Together they heard the weird music of the flute. Each day it approached closer. Each time it was more urgent. Urging them to leave the safety of home and follow the mad dancing white figure, that would lead them all to their deaths …
Edgar Mittelholzer, author of the KAYWANA TRILOGY, is a powerful storyteller. No-one will forget the chilly fear of this tale, for a long time after they close this book.
British Guiana, 1930s. Twenty-something Milton Woodsley abhors being a useful member of society, so he becomes an artist. His family are embarrassed, but at least Milton finds a sympathetic ear in Ralph Nevinson, an avuncular family friend as well as owner of a timber company. One day Milton is invited by Nevinson to tag along for a steamer family trip upstream (i.e. to the jungle where the sawmill is located), the given reason being that Milton is commissioned to paint some jungle-themed pictures to be hung in the office of Nevinson's firm.
Naturally Nevinson has an ulterior motive. Turns out he's one of those nosey antiquarians (MRJ is name-checked in the story), obsessed with the region's Dutch colonial past. Inevitably, one day he bumped into a cursed manuscript, apparently written by a Dutch necromancer whose whole family had been killed during a slave rebellion. Said demonologist knew that his soul would not rest in peace unless his bones were given a proper Christian burial, so he left the manuscript before shooting himself. Clever! Now anyone who touches the manuscript is cursed, the symptom of said curse being that the cursed person will, from time to time, hear the playing of a flute inaudible to others. The simple tune will come closer and closer day by day, until the cursed person is finally lured by the flute player to commit suicide. Nevinson has been hearing the music for some time now, and that's why he enlists Milton's help covertly (the artist type naturally knows how to fight the supernatural—he's got nothing better to do anyway).
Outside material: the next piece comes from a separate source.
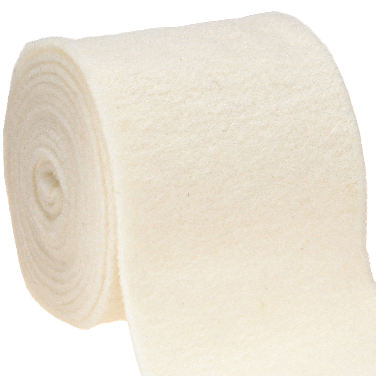Det hvite filtbåndet er viklet inn i en rulle og har en lengde på omtrent 5 meter og en bredde på omtrent 15 centimeter. Alle kanter er bevisst avrundet og sliter derfor ikke. Du kan også bruke det fleksible materialet til å kutte ut flotte figurer. Så du kan lage det til de små sauene, kyrne og kyllingene dine og bruke figurene til en bondekollage eller til veggen på barnerommet.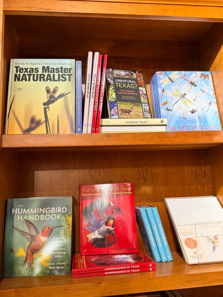 We rewarded ourselves with a visit to the gift shop, where we found the Texas Master Naturalist textbook among the offerings. I got a book I can’t wait to read, with plant and insect mandalas.

Solution to the curse? Find the place in the dense jungle where the Dutch guy killed himself and bury his bones and flute properly. Find how? That's the predicament facing Nevinson, his snobbish and racist wife Nell, his rebellious daughter Jessie and Milton, who will be joined by doughty native servant Rayburn when they arrive at the jungle cottage to complete the cast. Locating the place aside, the demons the Dutch guy used to deal with seem none too pleased with the prospect of having his soul set free.
I think I should have enjoyed this one a lot. However, despite the promising opening, I found myself rushing through the last hundred or so pages. But then it's not likely you will read another ghost story set in Guyana and replete with racial terms of yesteryear, so still recommended.